(Beginning of Records for the exercise)

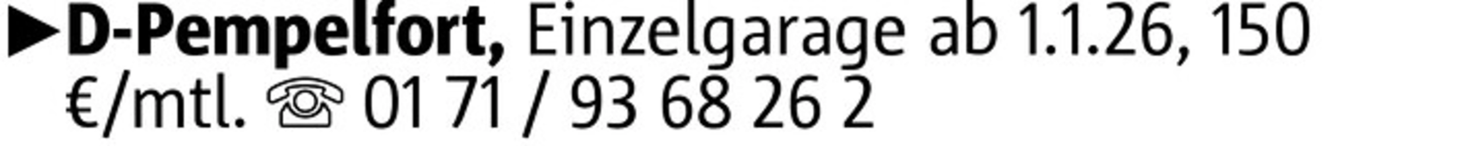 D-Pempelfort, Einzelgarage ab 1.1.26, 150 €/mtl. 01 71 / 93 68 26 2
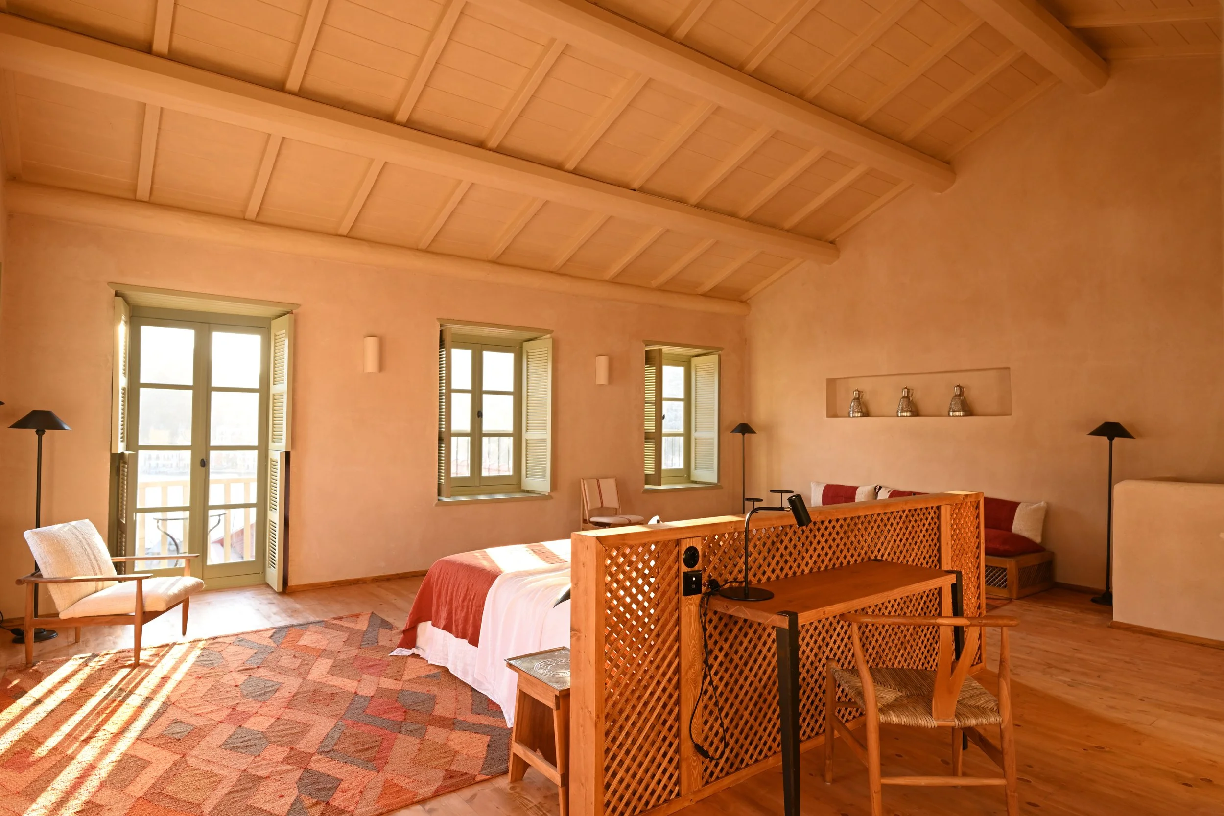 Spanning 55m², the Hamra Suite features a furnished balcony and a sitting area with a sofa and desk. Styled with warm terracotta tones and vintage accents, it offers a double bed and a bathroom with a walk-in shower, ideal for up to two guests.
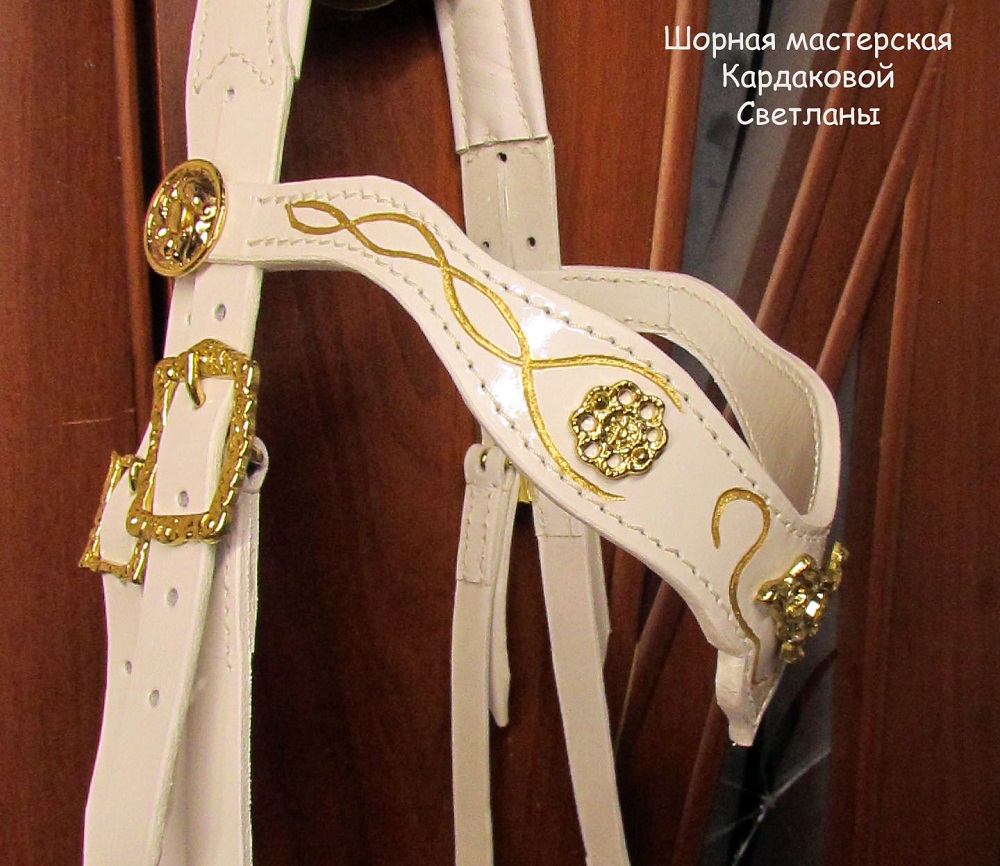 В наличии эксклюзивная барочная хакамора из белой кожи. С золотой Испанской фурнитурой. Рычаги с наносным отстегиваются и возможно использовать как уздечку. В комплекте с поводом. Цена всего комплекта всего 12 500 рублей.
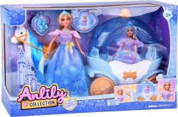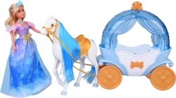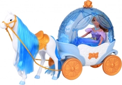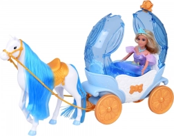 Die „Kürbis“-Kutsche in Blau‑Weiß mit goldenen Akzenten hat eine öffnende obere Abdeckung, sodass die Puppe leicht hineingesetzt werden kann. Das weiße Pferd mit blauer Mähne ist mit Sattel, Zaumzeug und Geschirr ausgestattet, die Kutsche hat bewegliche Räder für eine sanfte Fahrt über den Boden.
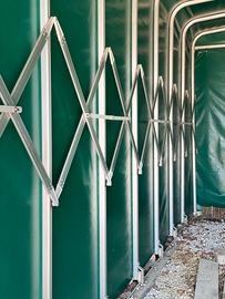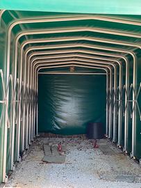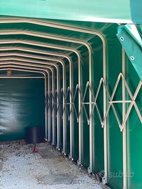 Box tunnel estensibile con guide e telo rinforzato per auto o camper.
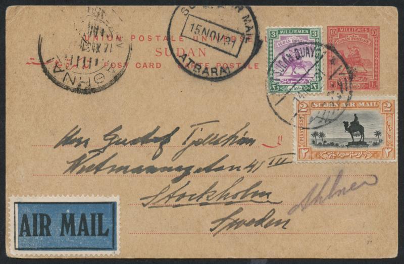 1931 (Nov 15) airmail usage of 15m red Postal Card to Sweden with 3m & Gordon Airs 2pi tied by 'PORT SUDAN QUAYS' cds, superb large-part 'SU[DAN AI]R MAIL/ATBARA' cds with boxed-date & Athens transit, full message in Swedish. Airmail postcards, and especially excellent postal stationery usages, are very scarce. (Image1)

(End of Records for the exercise)

(What needs to be done) Output the records above exactly, omitting the pictures.

(Your response)
 D-Pempelfort, Einzelgarage ab 1.1.26, 150 €/mtl. 01 71 / 93 68 26 2
 Spanning 55m², the Hamra Suite features a furnished balcony and a sitting area with a sofa and desk. Styled with warm terracotta tones and vintage accents, it offers a double bed and a bathroom with a walk-in shower, ideal for up to two guests.
 В наличии эксклюзивная барочная хакамора из белой кожи. С золотой Испанской фурнитурой. Рычаги с наносным отстегиваются и возможно использовать как уздечку. В комплекте с поводом. Цена всего комплекта всего 12 500 рублей.
 Die „Kürbis“-Kutsche in Blau‑Weiß mit goldenen Akzenten hat eine öffnende obere Abdeckung, sodass die Puppe leicht hineingesetzt werden kann. Das weiße Pferd mit blauer Mähne ist mit Sattel, Zaumzeug und Geschirr ausgestattet, die Kutsche hat bewegliche Räder für eine sanfte Fahrt über den Boden.
 Box tunnel estensibile con guide e telo rinforzato per auto o camper.
 1931 (Nov 15) airmail usage of 15m red Postal Card to Sweden with 3m & Gordon Airs 2pi tied by 'PORT SUDAN QUAYS' cds, superb large-part 'SU[DAN AI]R MAIL/ATBARA' cds with boxed-date & Athens transit, full message in Swedish. Airmail postcards, and especially excellent postal stationery usages, are very scarce. (Image1)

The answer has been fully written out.